Легким росчерком набрасывается адюльтерная ситуация в стиле ранней АА: свидание на пригородном — удаленном от Парижа — полустанке с, надо полагать, неким соперником героя. Разумеется, это только пунктирный намек. Но факт, что свои воображаемые заграничные романы АА настойчиво связывала с мотивом внешнего помолодения/постарения. Так, стихотворение о мысленном путешествии по морю для встречи с тем же Анрепом, «Просыпаться на рассвете…» (1917)[266], АА закончила строкой С каждым часом молодеть, — имея в виду после разлуки предстать перед партнером такой же прекрасной, как прежде.
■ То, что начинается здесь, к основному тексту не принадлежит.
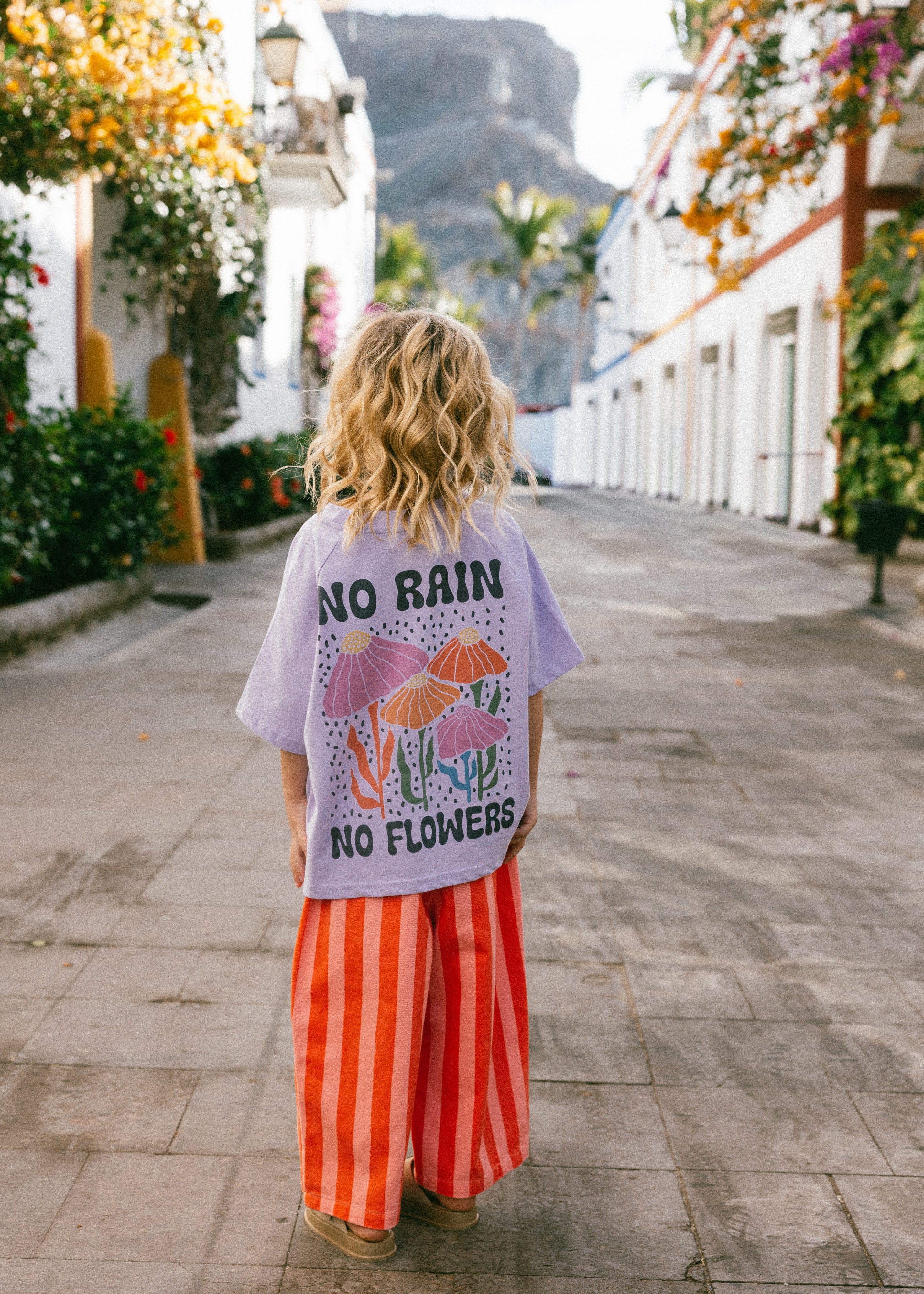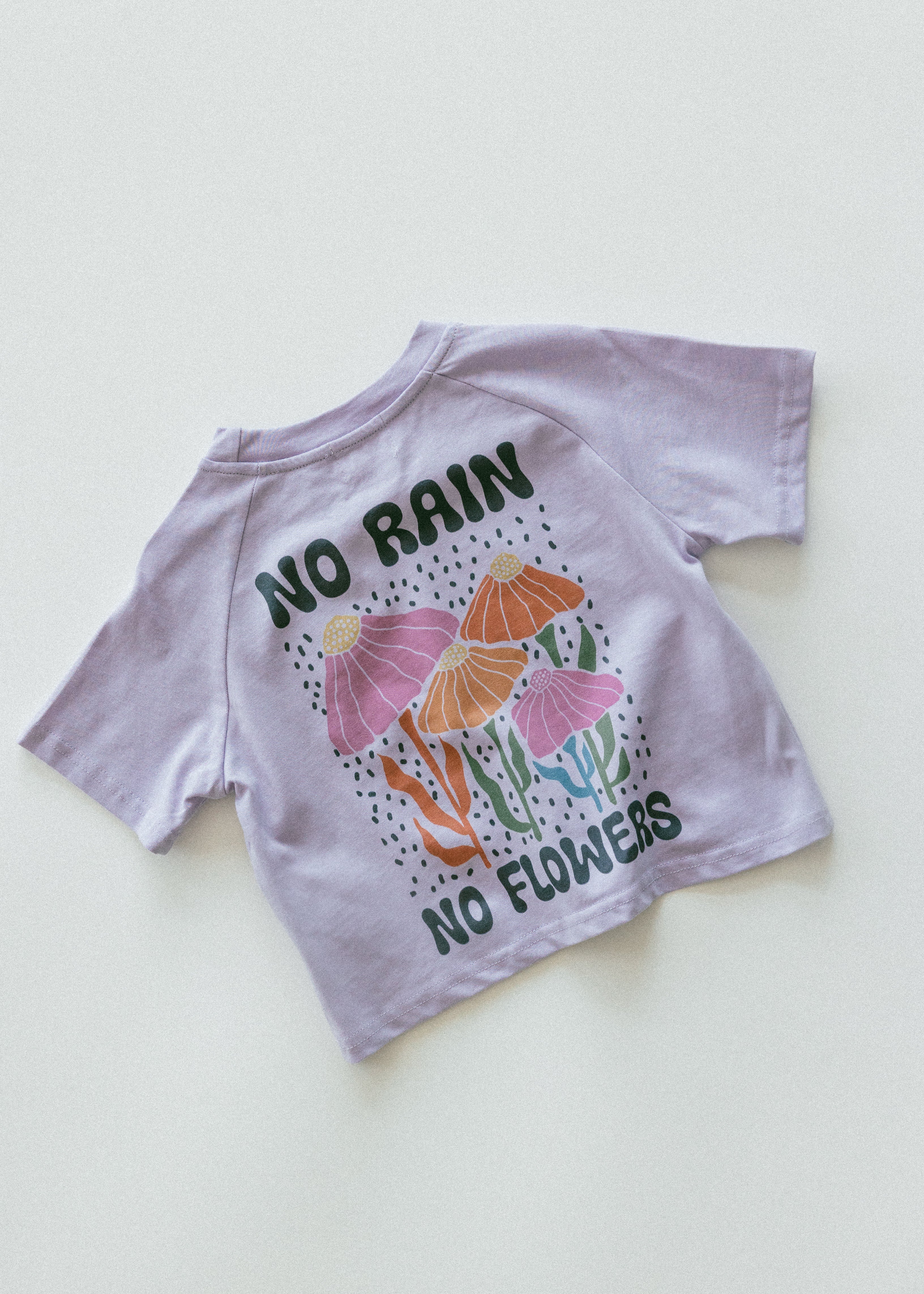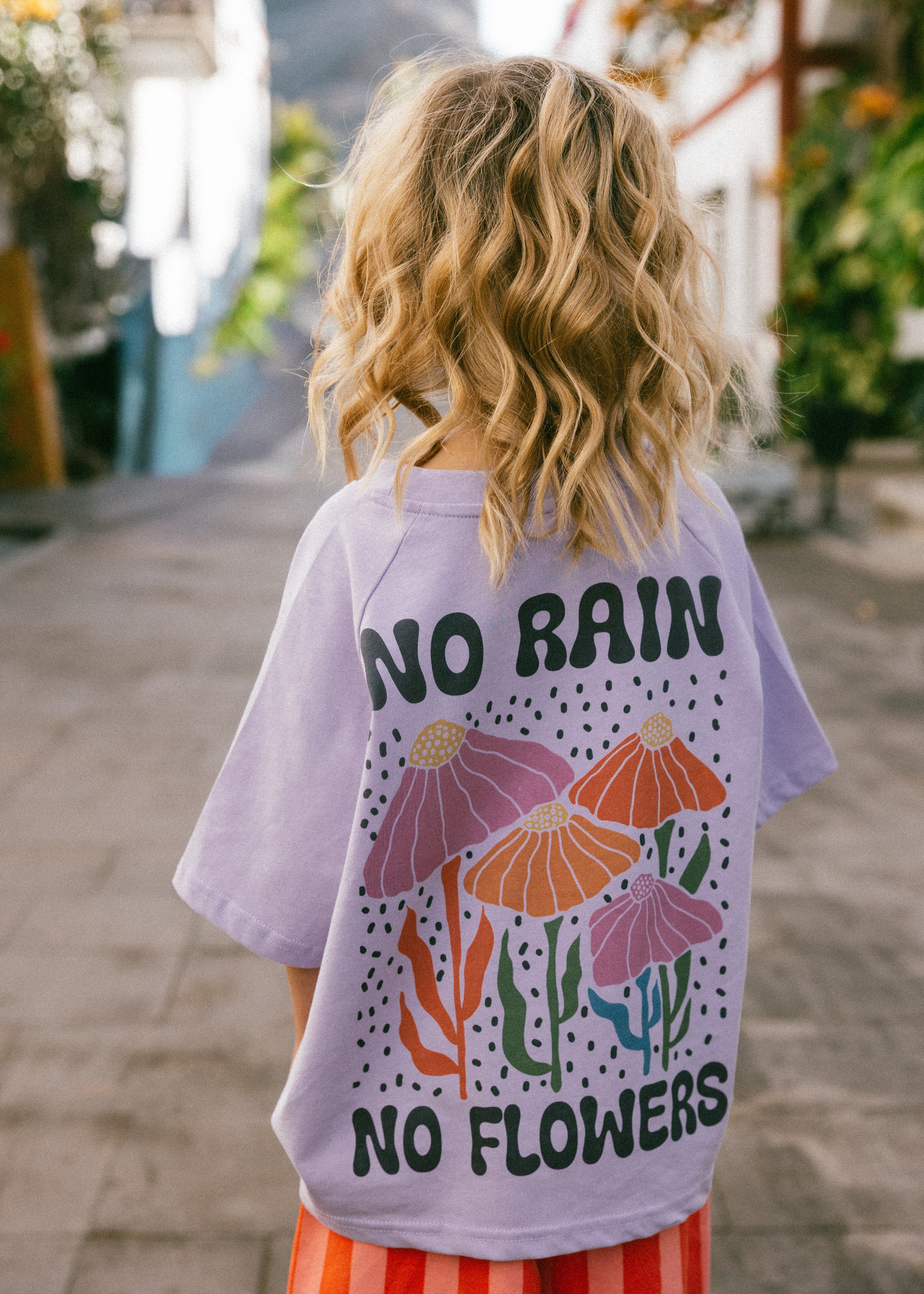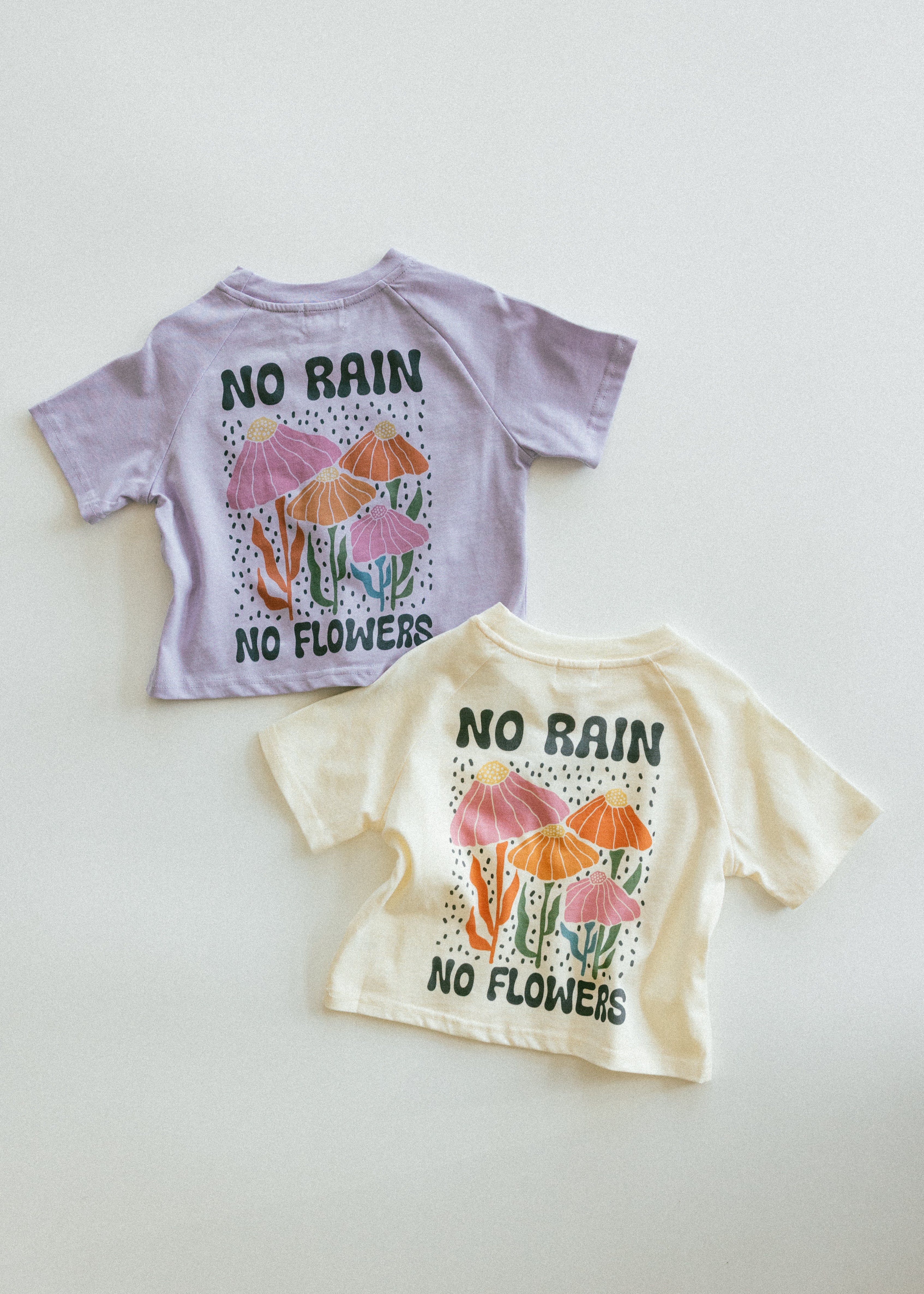 • Back floral graphic: “No rain-no flowers” in dark gray lettering with flower graphic

Напротив, в более поздней элегии «Меня, как реку…» (1945) смена партнеров в заграничной жизни связывается с морщинкой, знаменующей плату за богатство пережитого: <…> и в новую любовь Входить, как в зеркало, с тупым сознаньем Измены и еще вчера не бывшей Морщинкой… Как молодеть, так и морщинка предполагают зеркало или точку зрения со стороны; в «Прав, что не взял…» на роль наблюдателя, в глазу которого находится красота героини, взяты читатели.

Оскорбительность финальной мизансцены — в том, что и под чуждым небосклоном АА все равно изменяла бы партнеру, как она делала это почти со всеми своими мужьями и любовниками. Но, чтобы приглушить адюльтерный мотив, подрывающий этическую безупречность героини, АА дает его под знаком уступительного увы, возвращающего текст к аскетической риторике начала.

* * *

Несколько слов в заключение. Прежде всего, следует извиниться за предварительность этих заметок. Впрочем, предварительны они главным образом в отношении разработанности модели — полноты охвата и систематизации материала, точности в формулировке инвариантов и выразительных конструкций всех уровней, и опробованности на монографических разборах большого числа текстов. Более или менее окончательными представляются очерченные здесь общие контуры (жизне)творческого облика АА, проблематичные для солидарного ахматоведения, основанного самой поэтессой[267] и потому оксюморонно сочетавшего черты науки и пиара. Богатейшее разнообразие, артистизм и филигранность решения узкого круга тем, ахматовское искусство создавать «much ado about nothing», органически созвучное ее центральной установке на «силу через слабость», — благодарное поле для будущих исследований, одним из любопытных участков которого является театрально-жестовая компонента «женского» мастерства поэтессы.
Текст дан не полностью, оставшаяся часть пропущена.